Stan Medley has provided business Consulting for more than 30 years in US and foreign markets such as Germany, UK, Australia, Canada, and Hong Kong. He has specialized in structuring companies to resist dilution as well as assisting companies wishing to do business internationally.

Stan has also utilized these skills in several related areas such as being a forensic consultant and expert witness; testifying in federal court as an expert statistician regarding valuations; provided sales training & coaching, market research and on-line marketing; lectured at many seminars on finance and corporate growth; and acted provided many guest appearances on radio shows discussing a variety of financial, entertainment and other topics.

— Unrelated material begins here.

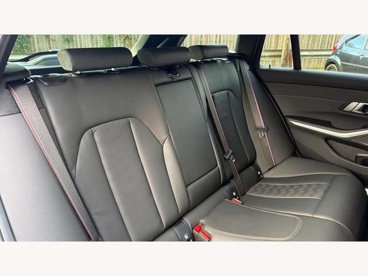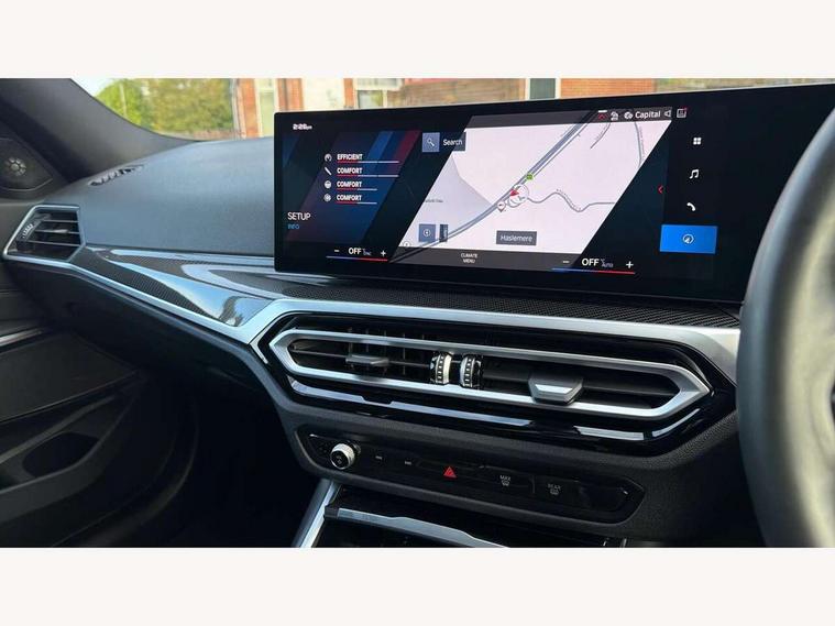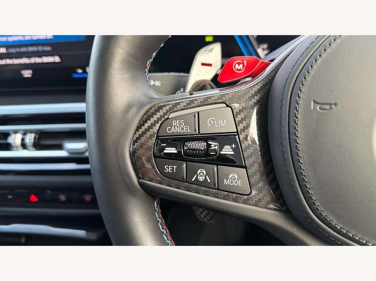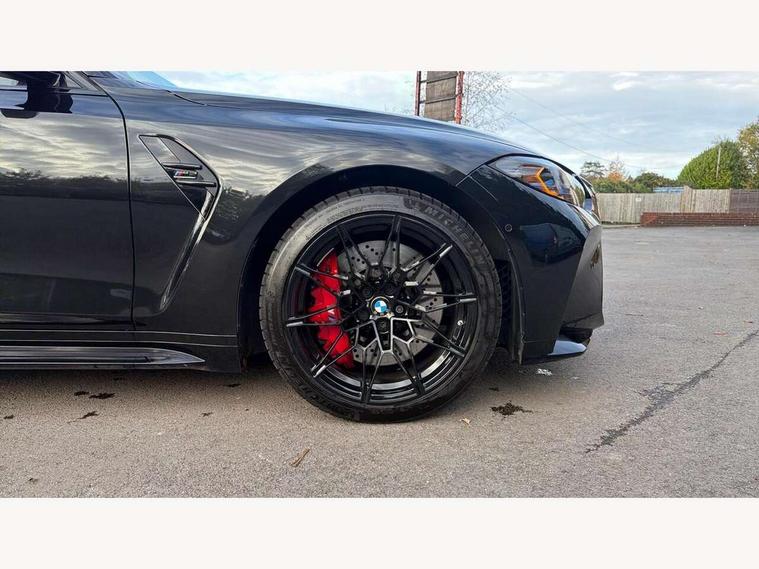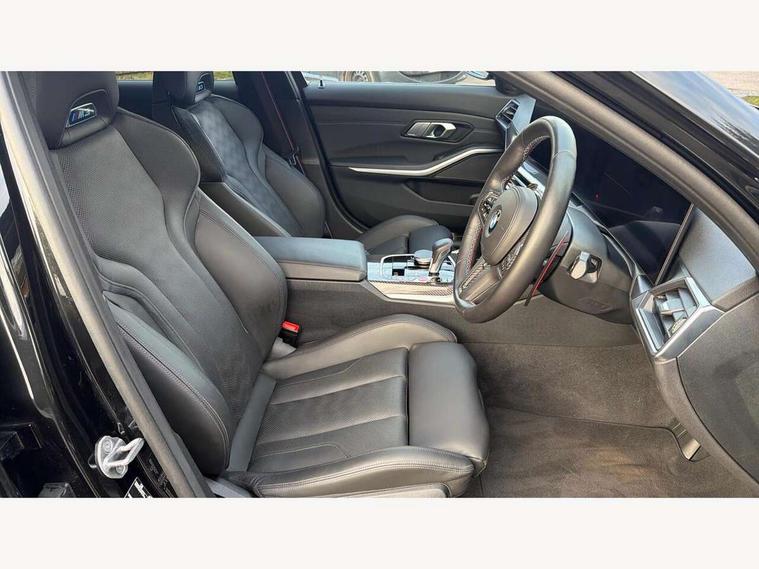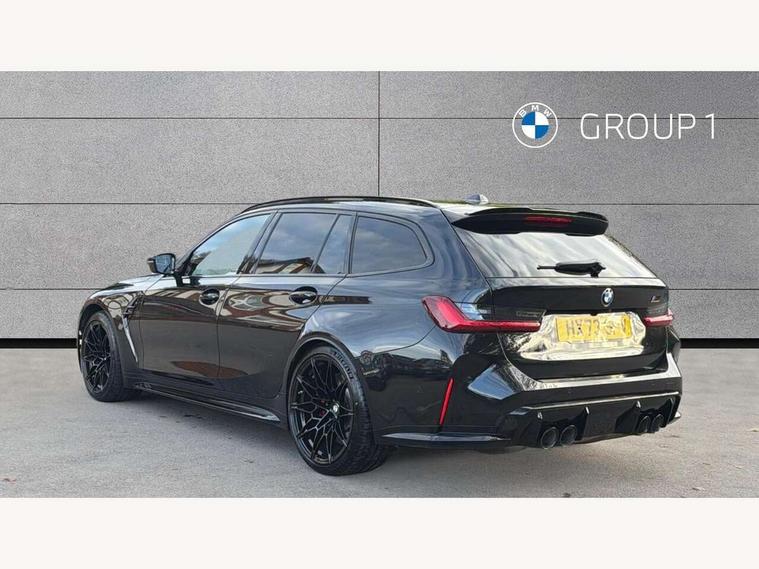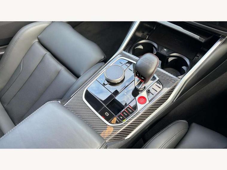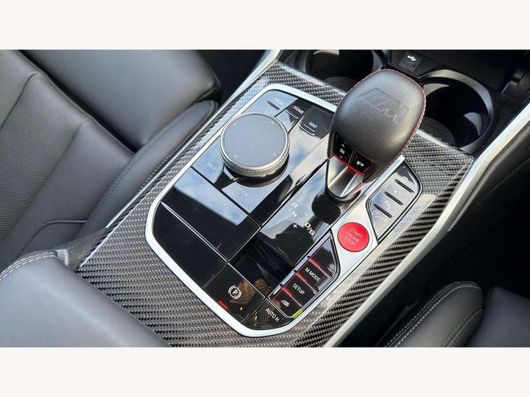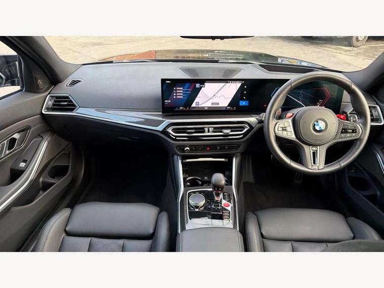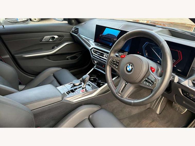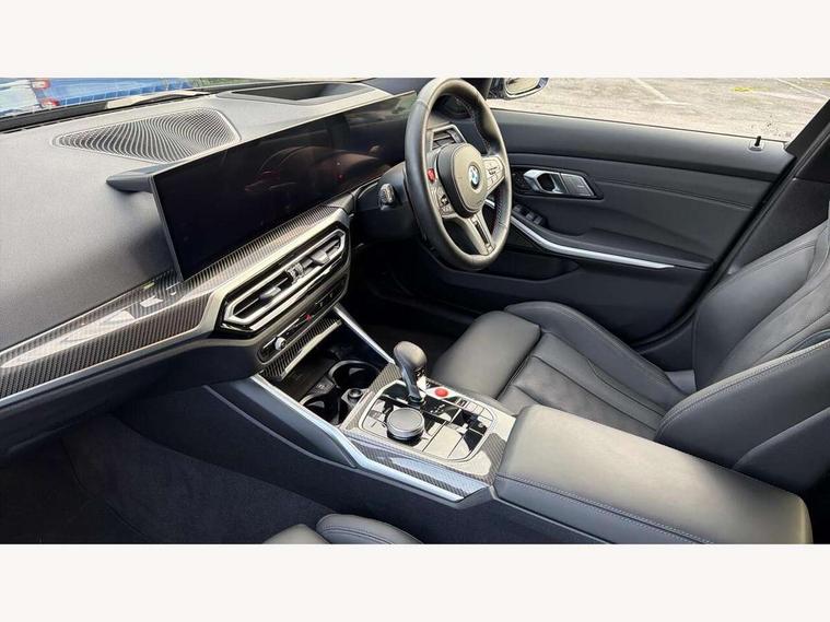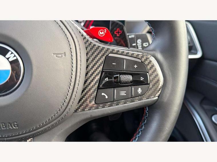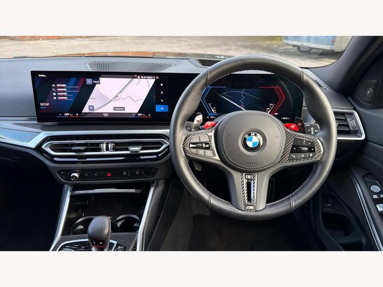 Active guard plus, Automatic start/stop system, Bluetooth functionality with Apple CarPlay/Android Auto, BMW ConnectedDrive online services, BMW iDrive controller on centre console, BMW legal emergency call, BMW Live Cockpit Professional sat nav system with 12.3" instrument display and high resolution control display, BMW Online services, BMW Teleservices, Brake pad wear indicator warning light, Condition based service, Door/boot open warning light, Driving experience switch, Electric boot lid, Head up Display, Illuminated control elements, Instrument cluster with extended contents, Lights on warning, M drive buttons, Oil sensor for level and grade, warning by check control system, Oil temperature gauge, On board computer, On board diagnostics, Optimum shift indicator, Outside temperature display, Pull away assistant, Run flat indicator, Service interval indicator, Shifting point display, Speed limiter, Variable sport steering, Adaptive M Sport suspension, Double joint spring strut front axle, M Drive Professional including track mode, laptimer, traction control & Drift analyser, M Sport differential, M steptronic sport transmission with drivelogic, Safety battery terminal clamp, 8 programmable favourite buttons, Auxiliary point for auxiliary devices, DAB Digital radio, Harman/Kardon loudspeaker system, Personal eSim, 3rd brake light, Acoustic glazing, Auto dimming driver's door mirror, Auto dimming rear view mirror, Automatic headlights + automatic windscreen wipers, Automatic parking function on front passenger's exterior mirror, Black model designation badges, BMW emblem on engine compartment lid and tailgate, BMW high gloss shadow line with extended contents, BMW Individual shadowline lights, Body colour bumpers, Carbon fibre reinforced plastic (CFRP) roof with high gloss black roof aerial bulge and roof mouldings, Day time running light, Door mirror integrated indicators, Door sill finishers with aluminium inserts, Dynamic brake lights, Electric adjustable heated door mirrors, Electric folding door mirrors, Electric front and rear windows with one touch/convenient open/close function, Follow me home headlights, Front and rear apron plastic in body colour, Front and rear bumper system, Headlight beam throw control, Heat protection, sun protection glazing, Heated rear window with automatic switch off, Heated washer jets, High beam assistant, High gloss black frameless kidney grille with M badge, High gloss black lower bumper edges, side sills and diffuser edge binding, High gloss black M roof rails, Illuminated bow type door handles in body colour drivers side with door lock, LED number plate light, LED tail lights with 3D L-shaped LED light design, M designation, M Sport entry door sill strips, Mirror glass aspheric on driver's side, convex on passenger side, Rear fog lights, Rear reflectors, Rear right M3 competition inscription, Rear side wing doors, Rear wiper, Reversing light, Shark fin roof aerial, Strakes in front side panel, black matt/black high-gloss, with model badge, Visible VIN plate, Welcome lighting, 2 front cupholder in centre console with clamping elements and matt black inlay, 2 x 12 V Power sockets (luggage compartment and front centre console), 2 x USB Type C ports for charging and data transmission in front centre console, 3 folding rear headrests, 3 seat bench in 2nd row, Ambient inside door handle light, Ambient lighting for instrument panel, Ambient lighting for storage compartment, Ambient lighting front and rear, Ambient lighting in door panels, Anthracite headlining, Battery in luggage compartment, Carbon fibre centre console incl. cover for cupholders and storage compartment, Carbon fibre decorative steering wheel finishers, Carbon fibre shift paddles, Carbon fibre strip in instrument panel on front passenger side, Centre console armrest with storage compartment, Compartment in front of cupholder, Driver/passenger sunvisors with illuminated vanity mirrors + covers, Dynamic ambient interior lighting, Electric front seats + driver memory, English handbook, Floor mats in velour, Folding rear centre armrest with 2 cupholders, Front door storage bins with bottle holder, Front isofix attachment + airbag deactivation, Front seat backrest width adjustment, Front seats lumbar support, Front/rear door armrests, Gearshift lever with embossed M badge, Heated front seats, Height adjustable front headrests, Isofix on 2nd row outer seats, Lockable/illuminated glovebox, Luggage compartment lighting, Manual 40:20:40 split folding rear seat with two tilt positions for backrest, Multifunction steering wheel, Rake/reach adjustable steering wheel, Single front passenger seat, Storage compartment in rear doors, Three zone automatic air conditioning, Through loading system, Toolkit located in luggage compartment, Wireless charging tray, Additional storage compartment pack - M3, Connected package professional - M3, High gloss shadowline exterior trim pack - M3, 3 point seatbelts on all seats, Anti-lock braking system (ABS), Automatic Stability Control (ASC), Brake energy regeneration, Brake fade compensation, Compound structure brake discs, Cornering brake control (CBC), Crash sensor, Driver/Front Passenger airbags, Dry braking, Dynamic brake control, Dynamic stability control + (DSC+), Dynamic Traction Control - DTC, Electromechanical parking brake, Electronic differential lock control (EDLC), Front and rear head airbags, Front seat side impact airbags, Front seatbelt pretensioners + load limiters, Hill start assist, M Sport seat belts, Rear child proof door locks, Seat occupancy detection for driver and passenger side, Seatbelt warning, Side impact protection, Two tone horn, Tyre pressure sensor, Warning triangle and first aid kit, Centre lock switch, Closing system with central locking, Digital key, Electronic immobiliser, Thatcham cat 1 remote alarm, Vehicle Key with 4 buttons including the integrated key, Galvanic finish to control surrounds, High gloss black interior trim, T

Jerry McRoberts has more than 30 years' experience specializing in the acquisition of private emerging growth companies in diverse industries including media tech, digital media, software, networks, content production and distribution, data and analytics, clean energy, and 3D printing. Prior to this, Jerry owned an executive search firm specializing in the placement of senior level financial leaders in corporate banking, investment banking, money management, and mezzanine and subordinated debt groups nationwide. Former clients have included Sanford Bernstein, Fuji Bank Ltd., Daichi-Kangyo Bank Ltd., Australia New Zealand Bank, Heller Financial, Finova Capital.

About DigiMax

DigiMax is based in Toronto and is the first company in the Digital Security space to be both publicly listed (listed on the Canadian Securities Exchange-symbol: DIGI) and own a registered Dealer. Canada, DigiMax Capital Corp is an 'Exempt Market Dealer registered in Ontario.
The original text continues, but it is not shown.